== TASK DETAILS ==
In your copy, reproduce each entry exactly and include no picture.

[Collected data]
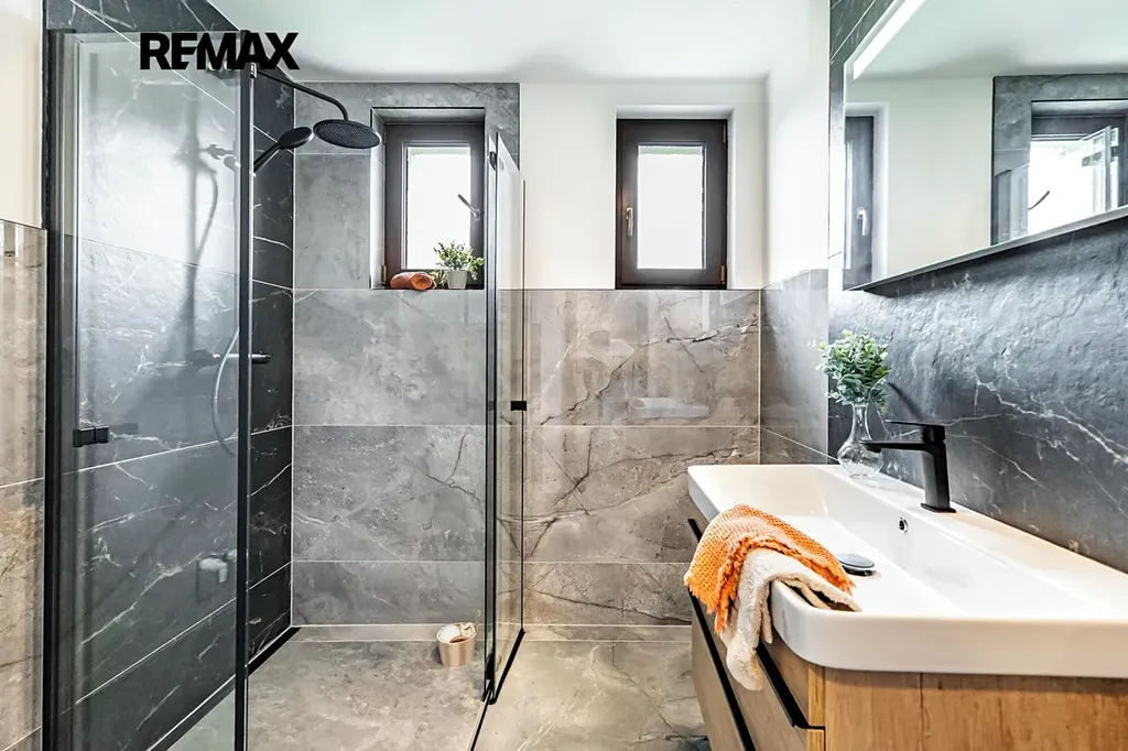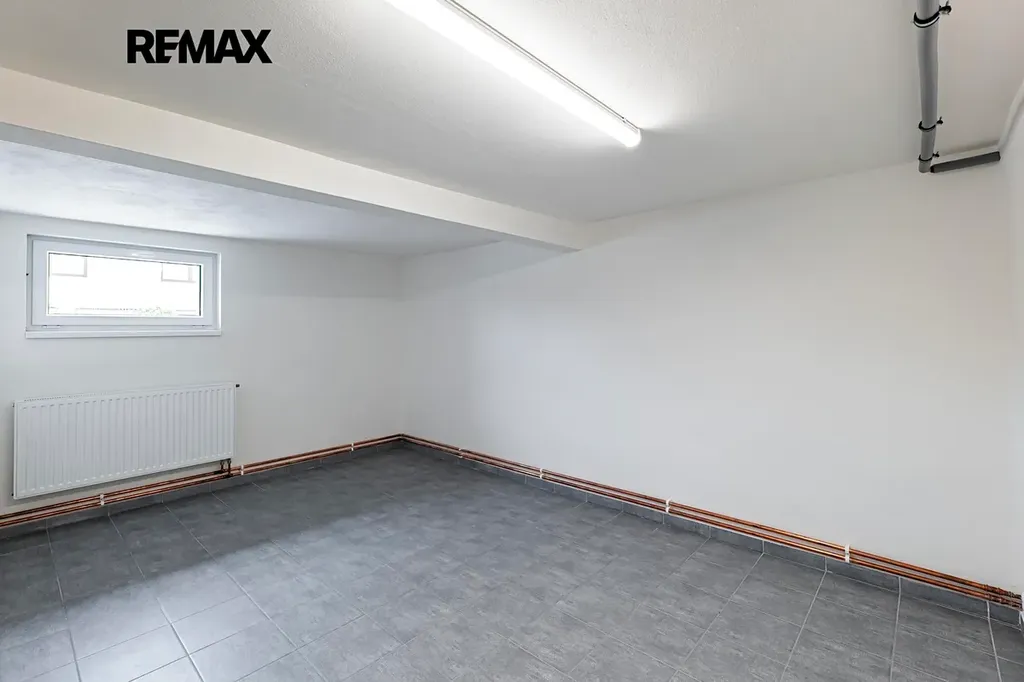 V suterénu najdete garáž (přičemž parkovat lze i na parkovišti u domu), technické zázemí, dostatek úložného prostoru a navíc spoustu místa třeba pro domácí posilovnu nebo saunu. Nechybí zde ani sprcha s toaletou, kterou můžete využít mj. na umytí domácích mazlíčků.
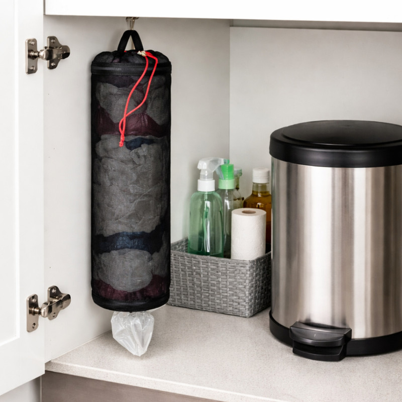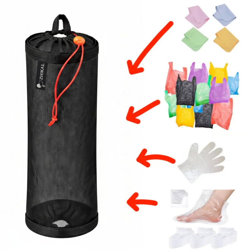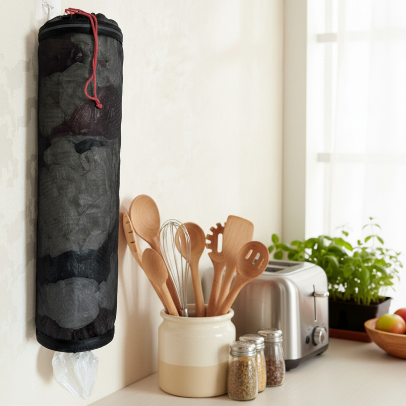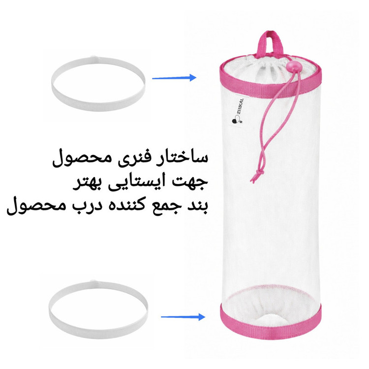 استفاده آسان ، قابل نصب بر روی دیوار کابینت و داخل کابینت حفظ فرم و شکل مناسب برای کیسه نایلون ، کیسه زباله ، دستمال آشپز خانه ، دستکش یک بار مصرف و ... ، دارای یک قلاب چسبی
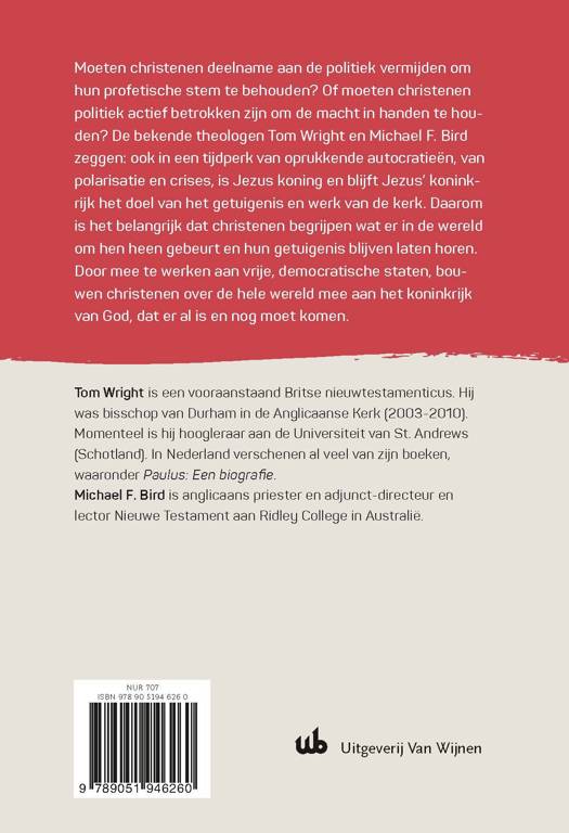 De bekende theologen Tom Wright en Michael F. Bird zeggen: ook in een tijdperk van oprukkende autocratieën, van polarisatie en crises, is Jezus koning en blijft Jezus’ koninkrijk het doel van het getuigenis en werk van de kerk. Daarom is het belangrijk dat christenen begrijpen wat er in de wereld om hen heen gebeurt en hun getuigenis blijven laten horen. Door mee te werken aan vrije, democratische staten, bouwen christenen over de hele wereld mee aan het koninkrijk van God, dat er al is en nog moet komen.
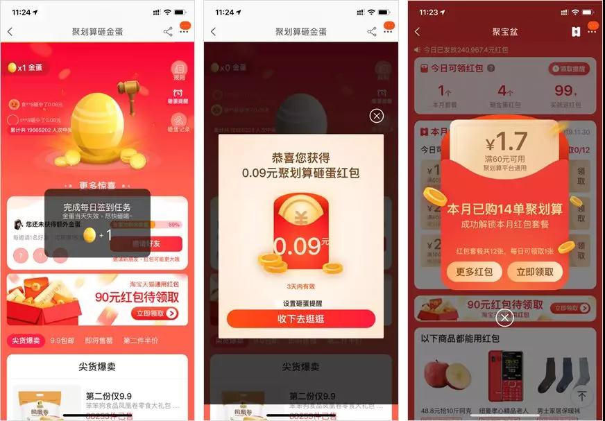 聚划算上还有很多针对下沉市场用户的运营玩法(拼多多既视感),比如签到领红包、砸金蛋领红包、下单返红包等操作。这类“红包套路”就是利用用户的“损失厌恶”心理,低成本转化用户。
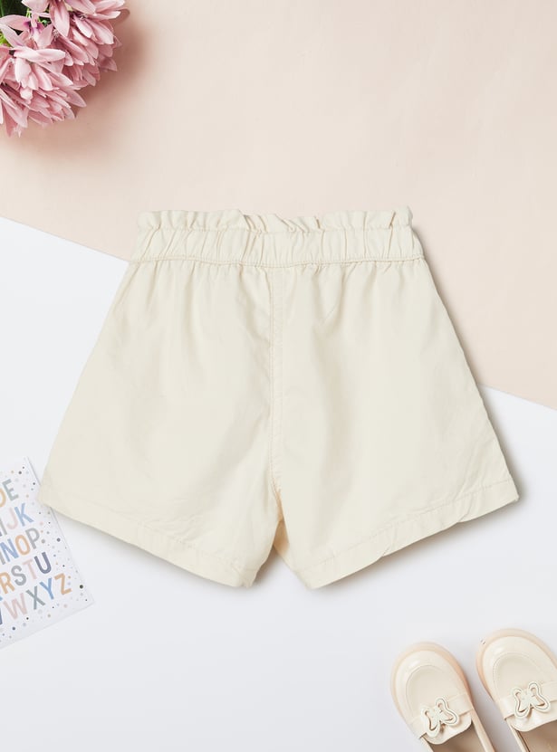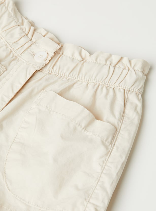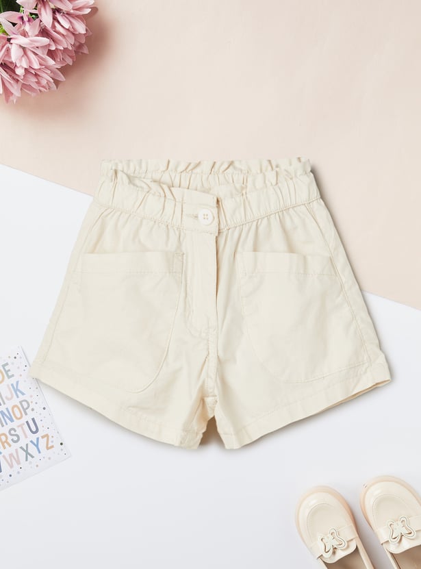 Add a touch of effortless chic to your wardrobe with these solid shorts, featuring a stylish paperbag waist and practical pockets. Perfect for warm days, they offer a flattering fit and a blend of comfort and trend-forward style.
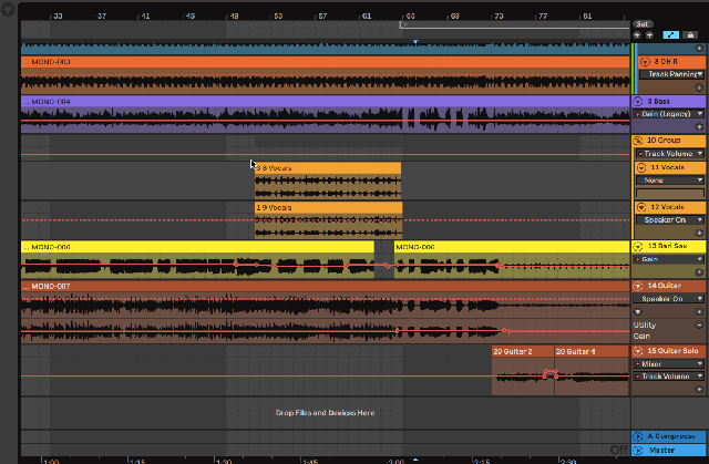 In Live you could always have groups, but now groups can contain sub-groups. This is really handy on a drum bus, where you have your overheads in a group, and then you want a bus for the whole kit. There are plenty of other common situations where this has been very useful for me, for example when grouping a guitar solo comp track group with a rhythm guitar track.
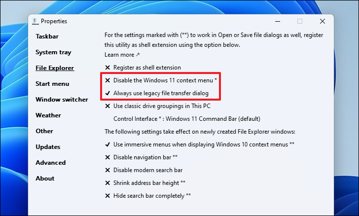 You can also disable the modern Windows 11 context menu and revert to the classic style. Click on 'Disable Windows 11 context menu' to toggle this setting. Similarly, you can enable the Windows 10 file transfer dialog box by clicking on 'Use Windows 10 file transfer dialog'. Remember that enabled options display a checkmark, while disabled ones show a cross.
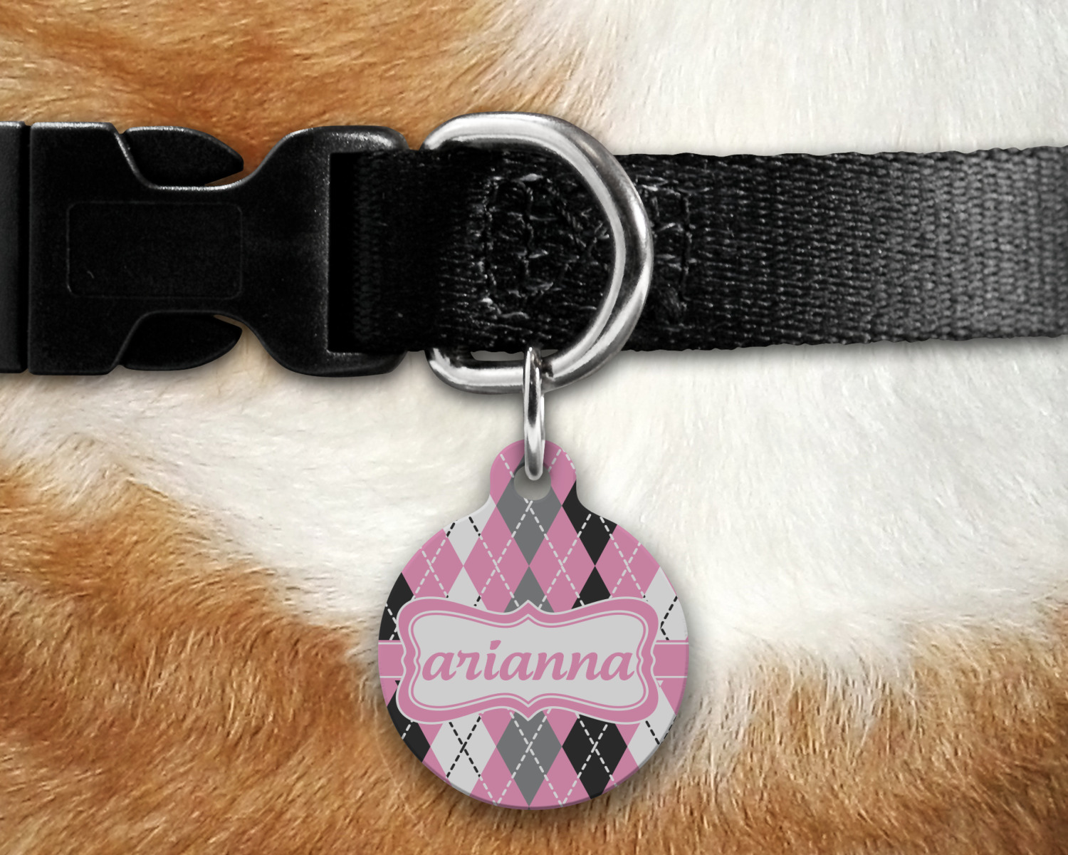 Go ahead; skip the monotony of plain pet ID tags with your very own, customized & personalized, round pet tag! This pet ID tag, fitting for both cats and dogs, will catch the eye of any onlooker (humans, canines, and felines, alike!) and accentuate your pet's individual personality.

== RESPONSE BELOW ==
 V suterénu najdete garáž (přičemž parkovat lze i na parkovišti u domu), technické zázemí, dostatek úložného prostoru a navíc spoustu místa třeba pro domácí posilovnu nebo saunu. Nechybí zde ani sprcha s toaletou, kterou můžete využít mj. na umytí domácích mazlíčků.
 استفاده آسان ، قابل نصب بر روی دیوار کابینت و داخل کابینت حفظ فرم و شکل مناسب برای کیسه نایلون ، کیسه زباله ، دستمال آشپز خانه ، دستکش یک بار مصرف و ... ، دارای یک قلاب چسبی
 De bekende theologen Tom Wright en Michael F. Bird zeggen: ook in een tijdperk van oprukkende autocratieën, van polarisatie en crises, is Jezus koning en blijft Jezus’ koninkrijk het doel van het getuigenis en werk van de kerk. Daarom is het belangrijk dat christenen begrijpen wat er in de wereld om hen heen gebeurt en hun getuigenis blijven laten horen. Door mee te werken aan vrije, democratische staten, bouwen christenen over de hele wereld mee aan het koninkrijk van God, dat er al is en nog moet komen.
 聚划算上还有很多针对下沉市场用户的运营玩法(拼多多既视感),比如签到领红包、砸金蛋领红包、下单返红包等操作。这类“红包套路”就是利用用户的“损失厌恶”心理,低成本转化用户。
 Add a touch of effortless chic to your wardrobe with these solid shorts, featuring a stylish paperbag waist and practical pockets. Perfect for warm days, they offer a flattering fit and a blend of comfort and trend-forward style.
 In Live you could always have groups, but now groups can contain sub-groups. This is really handy on a drum bus, where you have your overheads in a group, and then you want a bus for the whole kit. There are plenty of other common situations where this has been very useful for me, for example when grouping a guitar solo comp track group with a rhythm guitar track.
 You can also disable the modern Windows 11 context menu and revert to the classic style. Click on 'Disable Windows 11 context menu' to toggle this setting. Similarly, you can enable the Windows 10 file transfer dialog box by clicking on 'Use Windows 10 file transfer dialog'. Remember that enabled options display a checkmark, while disabled ones show a cross.
 Go ahead; skip the monotony of plain pet ID tags with your very own, customized & personalized, round pet tag! This pet ID tag, fitting for both cats and dogs, will catch the eye of any onlooker (humans, canines, and felines, alike!) and accentuate your pet's individual personality.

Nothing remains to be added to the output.